Originally Posted by Don Cragun
Just using standard sed features and avoiding cases where systems allowing EREs or BREs make a difference, both of the following seem to also do what you want:
sed -e '/^........0[1357]/d' -e '/^........1[01]/d' a.txt
and:
sed '/^........0[1357]/d;/^........1[01]/d' a.txt
But, I have no experience with openVMS, so I can't say whether or not either of these will work there.
awesome this one worked

------ Post updated at 10:08 AM ------

how does this command works though .. I understand each parts but how the output of one gets piped to the other?
sed -e '/^........0[1357]/d' -e '/^........1[01]/d' a.txt

There is a single sed command invocation here containing two editing commands. No piping is involved. The first editing command deletes every line that contains 01 , 03 , 05 m or 07 as the 9th and 10th characters on a line. If that command didn't delete the line, the 2nd editing commands deletes every line that contains 10 or 11 as the 9th and 10th characters on a line.
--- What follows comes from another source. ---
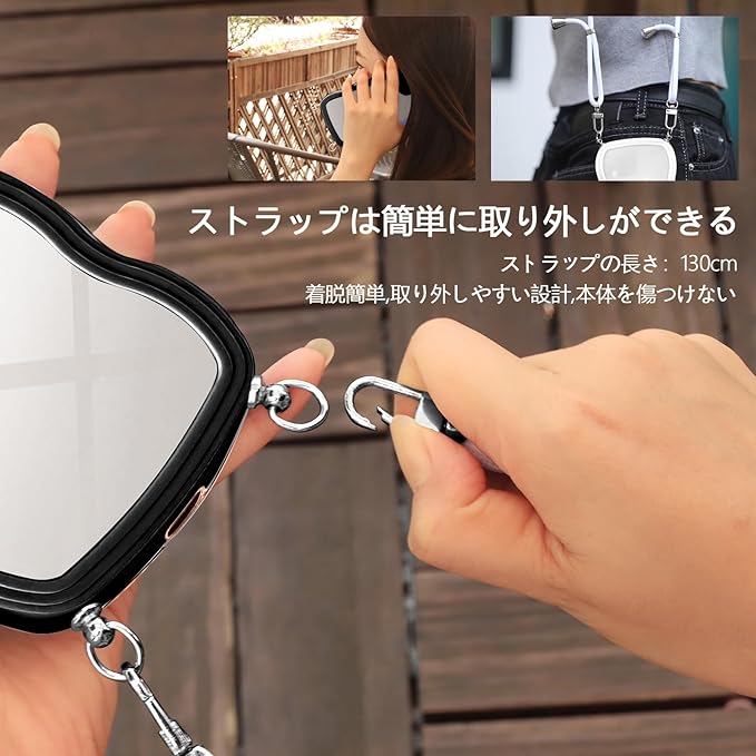 【ネックレスケース】シリコンケースには首から下げられるようにショルダーストラップが付いており、まるでアクセサリーのようにスマホを着用できます。落下防止はもちろん、紛失防止にも役立ちます。 特に旅行や、小さなお子様がいるお母さんにおすすめ、手荷物がある時にスマホを持ち続ける必要がなくなりますし、スマホを落としたり無くしたりといった心配もなくなります、バッグから携帯を取り出す手間がはぶけます。
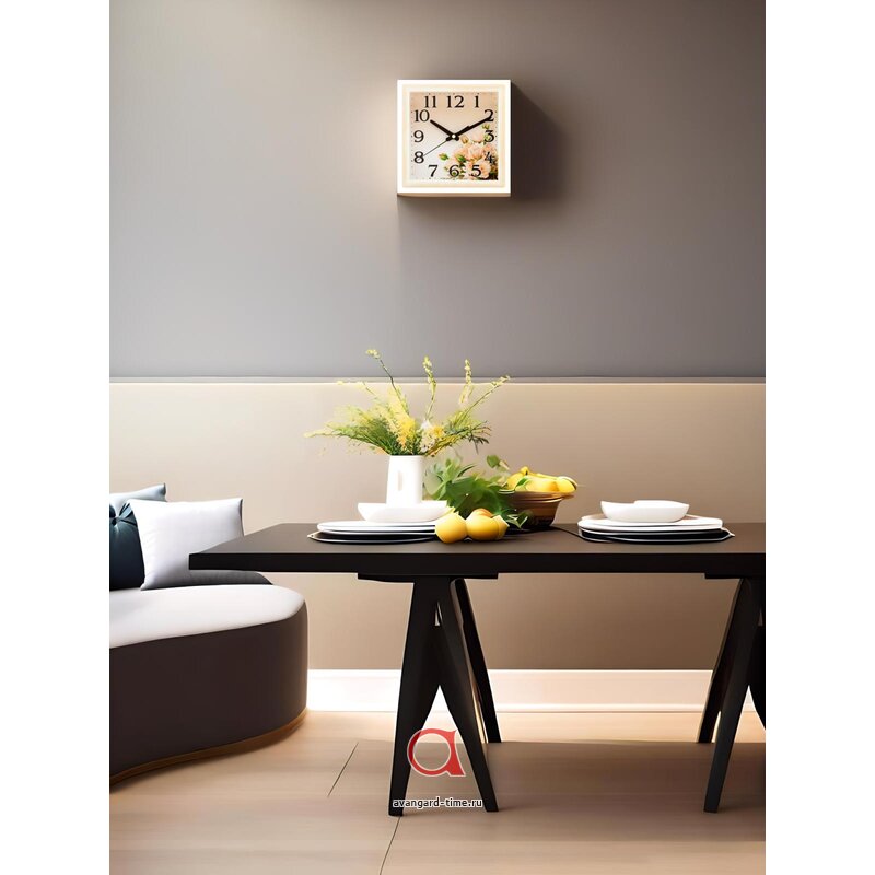 Приведите к жизни интерьер своего дома с настенными часами Алмаз М06! Эти квадратные часы в бежевом корпусе станут стильным акцентом в вашем доме. Яркий разноцветный циферблат с арабскими цифрами добавит игривости и элегантности в любое помещение. Выбирайте место для размещения – кухня, гостиная, спальня или коридор – часы идеально впишутся в любое пространство.

If neither of those editing commands deleted the input line, the default sed action is to copy the input line to standard output.

When there are two editing commands to be performed by one invocation of sed , each of those editing commands can be introduced as separate -e option arguments (as shown in the first sed command above).

Many sed commands (including the delete command) can be entered as a single -e option argument by separating them with a semicolon. And, if only one editing command argument is needed, including the actual -e option is optional (as shown in the second sed command above).